Make an exact copy of all the entries, with the pictures left out.

SOURCE MATERIAL:
# # # #

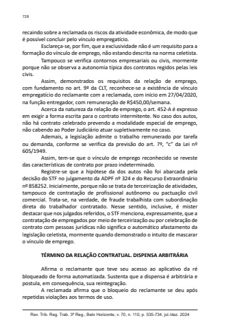Rev. Trib. Reg. Trab. 3ª Reg., Belo Horizonte, v. 70, n. 110, p. 535-734, jul./dez. 2024728recaindo sobre a reclamada os riscos da atividade econômica, de modo que é possível concluir pelo vínculo empregatício.Esclareça-se, por fim, que a exclusividade não é um requisito para a formação do vínculo de emprego, não estando descrita na norma celetista.Tampouco se verifica contornos empresariais ou civis, mormente porque não se observa a autonomia típica dos contratos regidos pelas leis civis.Assim, demonstrados os requisitos da relação de emprego, com fundamento no art. 9º da CLT, reconhece-se a existência de vínculo empregatício do reclamante com a reclamada, com início em 27/04/2020, na função entregador, com remuneração de R$450,00/semana.Acerca da natureza da relação de emprego, o art. 452-A é expresso em exigir a forma escrita para o contrato intermitente. No caso dos autos, não há contrato celebrado prevendo a modalidade especial de emprego, não cabendo ao Poder Judiciário atuar supletivamente no caso.Ademais, a legislação admite o trabalho remunerado por tarefa ou demanda, conforme se verifica da previsão do art. 7º, “c” da Lei nº 605/1949.Assim, tem-se que o vínculo de emprego reconhecido se reveste das características de contrato por prazo indeterminado.Registre-se que a hipótese da dos autos não foi abarcada pela decisão do STF no julgamento da ADPF nº 324 e do Recurso Extraordinário nº 858252. Inicialmente, porque não se trata de terceirização de atividades, tampouco de contratação de profissional autônomo ou pactuação civil comercial. Trata-se, na verdade, de fraude trabalhista com subordinação direta do trabalhador contratado. Nesse sentido, inclusive, é mister destacar que nos julgados referidos, o STF menciona, expressamente, que a contratação de empregados por meio de terceirização ou por celebração de contrato com pessoas jurídicas não significa o automático afastamento da legislação celetista, mormente quando demonstrado o intuito de mascarar o vínculo de emprego.TÉRMINO DA RELAÇÃO CONTRATUAL. DISPENSA ARBITRÁRIAAfirma o reclamante que teve seu acesso ao aplicativo da ré bloqueado de forma automatizada. Sustenta que a dispensa é arbitrária e postula, em consequência, sua reintegração.A reclamada afirma que o bloqueio do reclamante se deu após repetidas violações aos termos de uso.
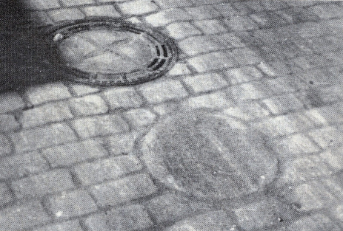 "Straßenpflaster in der Heiligen-Geist-Gasse. Neben „di Trumm“ noch ein runder Stein mit einer besonderen
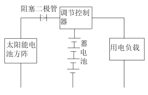 下圖為一獨(dú)立光伏發(fā)電系統(tǒng)的結(jié)構(gòu)示意圖。光伏發(fā)電系統(tǒng)由太陽能電池、阻塞二極管、調(diào)節(jié)控制器和蓄電池組成。
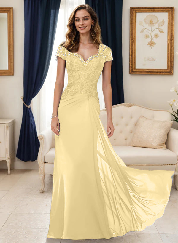 Trumpet/Mermaid Scoop Half Sleeves Floor-Length Mother of the Bride Dresses with Lace
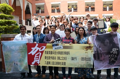 南台科大生編的3部劇本入圍「第11屆公視學生劇展」,獲180萬拍片補助金,校方今天舉行象徵性的「開拍」儀式。圖/吳淑玲
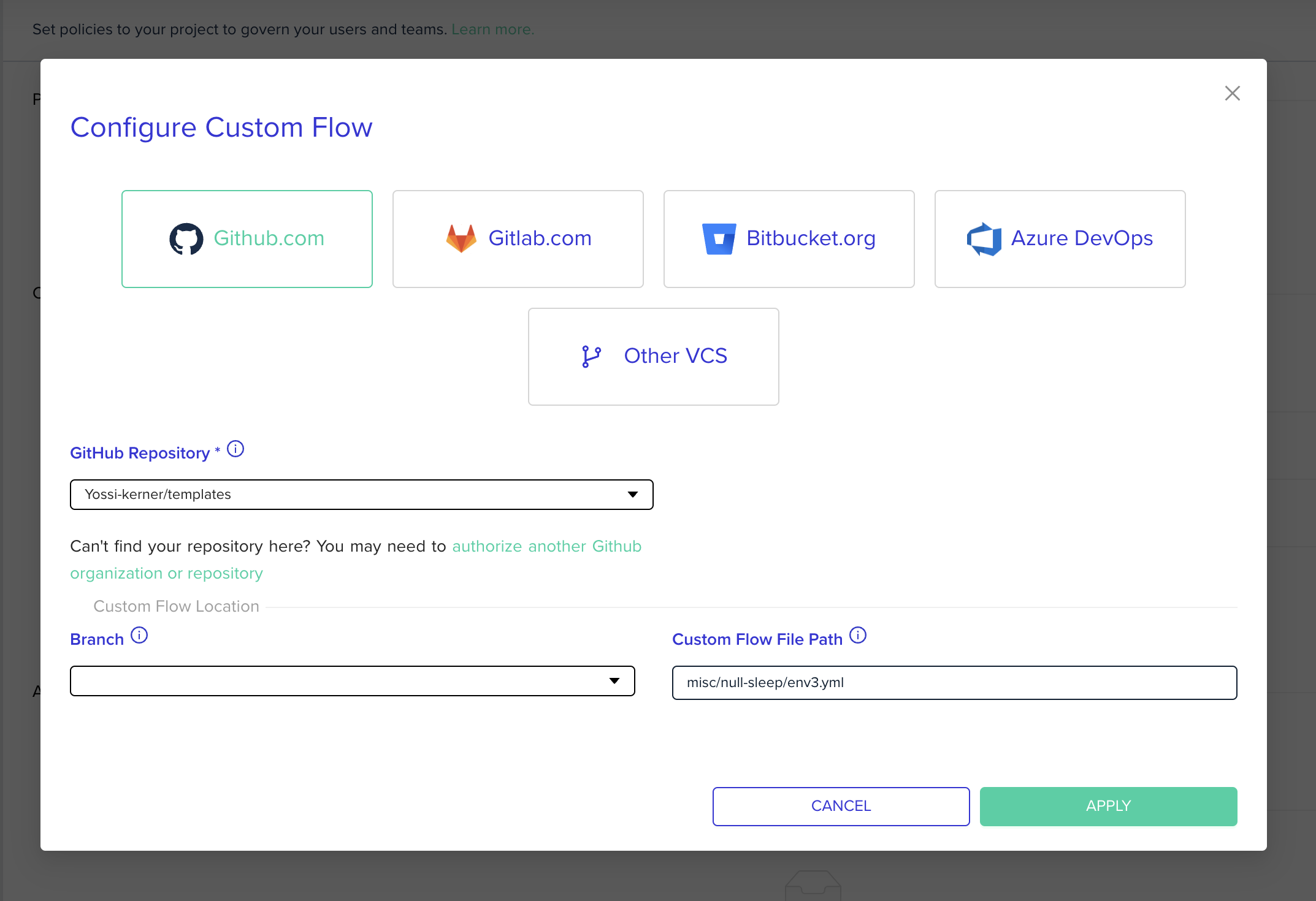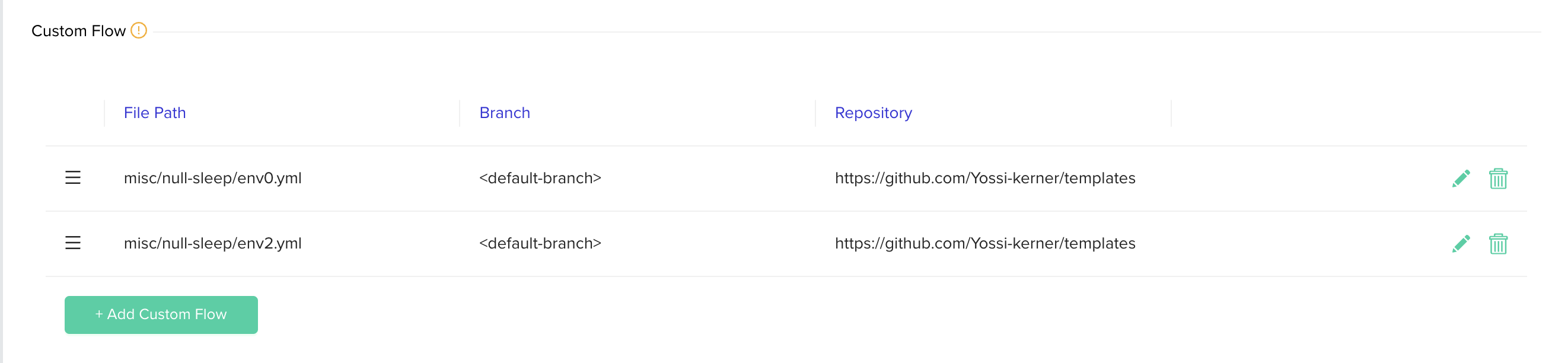 Project custom flows will override template custom flow- Project-level custom flows will override any existing custom flows configured for the environment. If there are no custom flows in the project’s hierarchy we will run the environment’s custom flow.Merge project custom flows with the template custom flow- Project-level custom flows will be merged with existing environment custom flow. The environment’s custom flow will run after the projects’ custom flows.
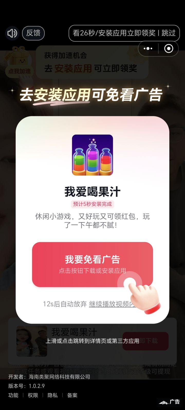 玩游戏看广告就够烦了,现在还来个广告套广告,必须下载或打开其他APP
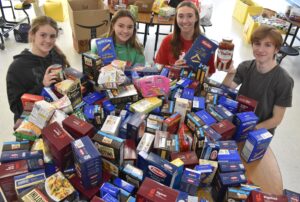 The month-long food drive featured donation bins at the high school, middle school and Harbor Elementary School, along with three drop-off spots in the community. All the food was collected on Nov. 25 and brought to the high school cafeteria, where student council members sorted it afterschool by category. Items included canned vegetables, cereal, cranberry sauce, pasta and sauce, potatoes, rice and stuffing.
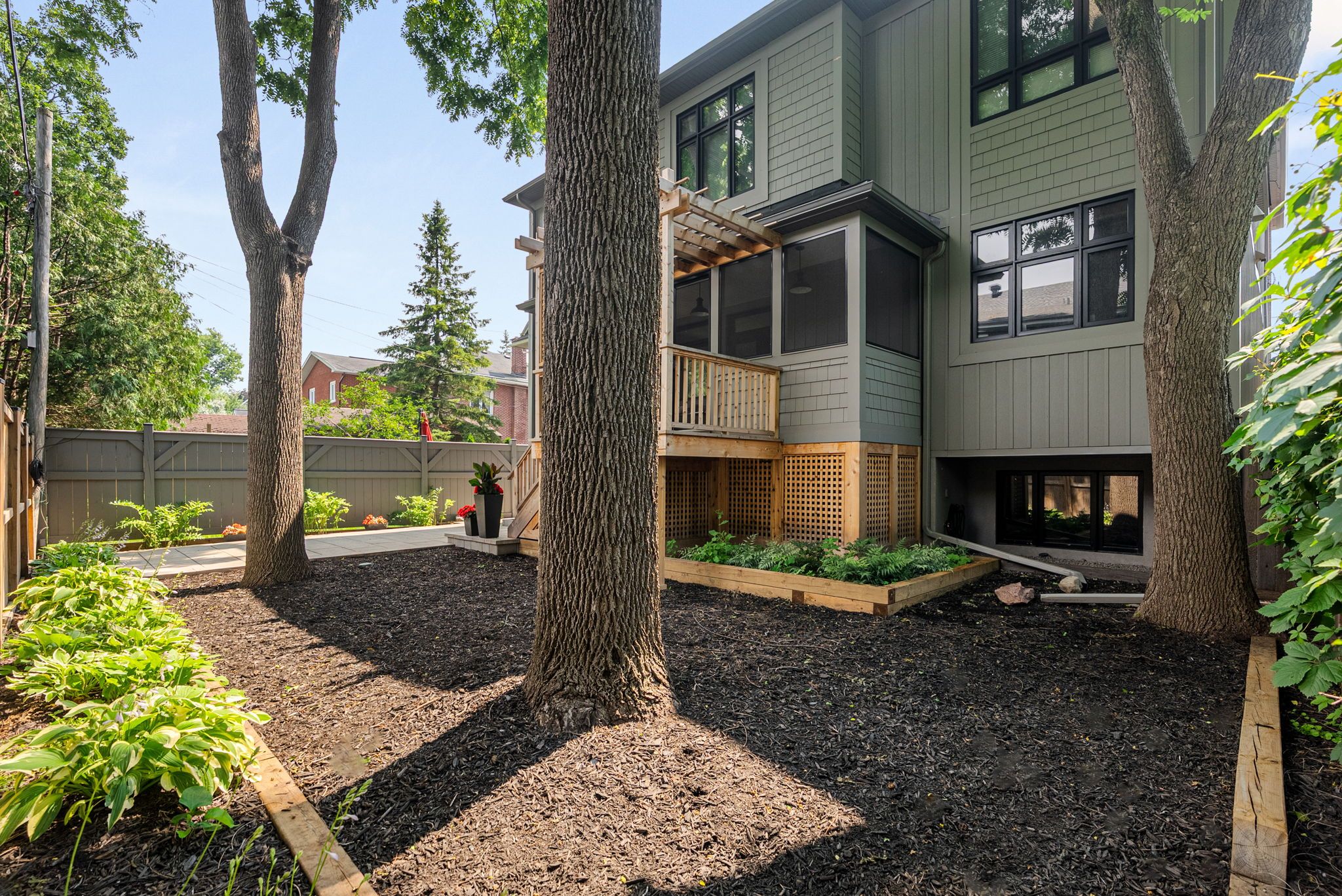 • Fully fenced backyard with interlock patio and outdoor BBQ deck.
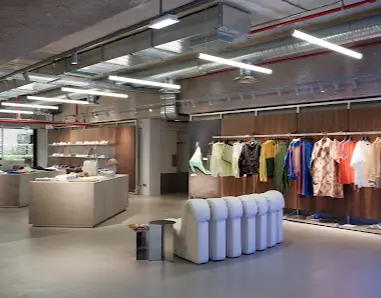 店内はミニマルでエレガントなデザインで、メンズ・ウィメンズとも美しさとトレンド感を兼ね備えたウェアが並びます。
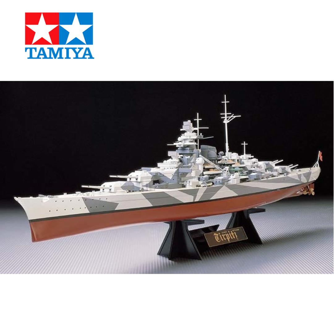 El Tirpitz, único buque gemelo del Bismarck, fue una preocupación constante para la Marina Real Británica, ya que su presencia en Noruega representaba una amenaza para los convoyes aliados. Se invirtieron considerables recursos para contrarrestar sus posibles movimientos hasta que finalmente fue hundido por bombarderos de la Real Fuerza Aérea. Tamiya ahora te trae esta maravilla de la ingeniería alemana en forma de maqueta a escala 1/350, con un alto nivel de detalle. Las elegantes líneas del Tirpitz se reproducen con precisión, y las características distintivas que lo diferenciaban del Bismarck, como los tubos lanzatorpedos cuádruples, también se recrean con gran detalle. La maqueta incluye una base de exhibición especialmente diseñada y una hermosa placa identificativa para una presentación impresionante.

# # # #

RESPONSE AREA:
Rev. Trib. Reg. Trab. 3ª Reg., Belo Horizonte, v. 70, n. 110, p. 535-734, jul./dez. 2024728recaindo sobre a reclamada os riscos da atividade econômica, de modo que é possível concluir pelo vínculo empregatício.Esclareça-se, por fim, que a exclusividade não é um requisito para a formação do vínculo de emprego, não estando descrita na norma celetista.Tampouco se verifica contornos empresariais ou civis, mormente porque não se observa a autonomia típica dos contratos regidos pelas leis civis.Assim, demonstrados os requisitos da relação de emprego, com fundamento no art. 9º da CLT, reconhece-se a existência de vínculo empregatício do reclamante com a reclamada, com início em 27/04/2020, na função entregador, com remuneração de R$450,00/semana.Acerca da natureza da relação de emprego, o art. 452-A é expresso em exigir a forma escrita para o contrato intermitente. No caso dos autos, não há contrato celebrado prevendo a modalidade especial de emprego, não cabendo ao Poder Judiciário atuar supletivamente no caso.Ademais, a legislação admite o trabalho remunerado por tarefa ou demanda, conforme se verifica da previsão do art. 7º, “c” da Lei nº 605/1949.Assim, tem-se que o vínculo de emprego reconhecido se reveste das características de contrato por prazo indeterminado.Registre-se que a hipótese da dos autos não foi abarcada pela decisão do STF no julgamento da ADPF nº 324 e do Recurso Extraordinário nº 858252. Inicialmente, porque não se trata de terceirização de atividades, tampouco de contratação de profissional autônomo ou pactuação civil comercial. Trata-se, na verdade, de fraude trabalhista com subordinação direta do trabalhador contratado. Nesse sentido, inclusive, é mister destacar que nos julgados referidos, o STF menciona, expressamente, que a contratação de empregados por meio de terceirização ou por celebração de contrato com pessoas jurídicas não significa o automático afastamento da legislação celetista, mormente quando demonstrado o intuito de mascarar o vínculo de emprego.TÉRMINO DA RELAÇÃO CONTRATUAL. DISPENSA ARBITRÁRIAAfirma o reclamante que teve seu acesso ao aplicativo da ré bloqueado de forma automatizada. Sustenta que a dispensa é arbitrária e postula, em consequência, sua reintegração.A reclamada afirma que o bloqueio do reclamante se deu após repetidas violações aos termos de uso.
 "Straßenpflaster in der Heiligen-Geist-Gasse. Neben „di Trumm“ noch ein runder Stein mit einer besonderen
 下圖為一獨(dú)立光伏發(fā)電系統(tǒng)的結(jié)構(gòu)示意圖。光伏發(fā)電系統(tǒng)由太陽能電池、阻塞二極管、調(diào)節(jié)控制器和蓄電池組成。
 Trumpet/Mermaid Scoop Half Sleeves Floor-Length Mother of the Bride Dresses with Lace
 南台科大生編的3部劇本入圍「第11屆公視學生劇展」,獲180萬拍片補助金,校方今天舉行象徵性的「開拍」儀式。圖/吳淑玲
 Project custom flows will override template custom flow- Project-level custom flows will override any existing custom flows configured for the environment. If there are no custom flows in the project’s hierarchy we will run the environment’s custom flow.Merge project custom flows with the template custom flow- Project-level custom flows will be merged with existing environment custom flow. The environment’s custom flow will run after the projects’ custom flows.
 玩游戏看广告就够烦了,现在还来个广告套广告,必须下载或打开其他APP
 The month-long food drive featured donation bins at the high school, middle school and Harbor Elementary School, along with three drop-off spots in the community. All the food was collected on Nov. 25 and brought to the high school cafeteria, where student council members sorted it afterschool by category. Items included canned vegetables, cereal, cranberry sauce, pasta and sauce, potatoes, rice and stuffing.
 • Fully fenced backyard with interlock patio and outdoor BBQ deck.
 店内はミニマルでエレガントなデザインで、メンズ・ウィメンズとも美しさとトレンド感を兼ね備えたウェアが並びます。
 El Tirpitz, único buque gemelo del Bismarck, fue una preocupación constante para la Marina Real Británica, ya que su presencia en Noruega representaba una amenaza para los convoyes aliados. Se invirtieron considerables recursos para contrarrestar sus posibles movimientos hasta que finalmente fue hundido por bombarderos de la Real Fuerza Aérea. Tamiya ahora te trae esta maravilla de la ingeniería alemana en forma de maqueta a escala 1/350, con un alto nivel de detalle. Las elegantes líneas del Tirpitz se reproducen con precisión, y las características distintivas que lo diferenciaban del Bismarck, como los tubos lanzatorpedos cuádruples, también se recrean con gran detalle. La maqueta incluye una base de exhibición especialmente diseñada y una hermosa placa identificativa para una presentación impresionante.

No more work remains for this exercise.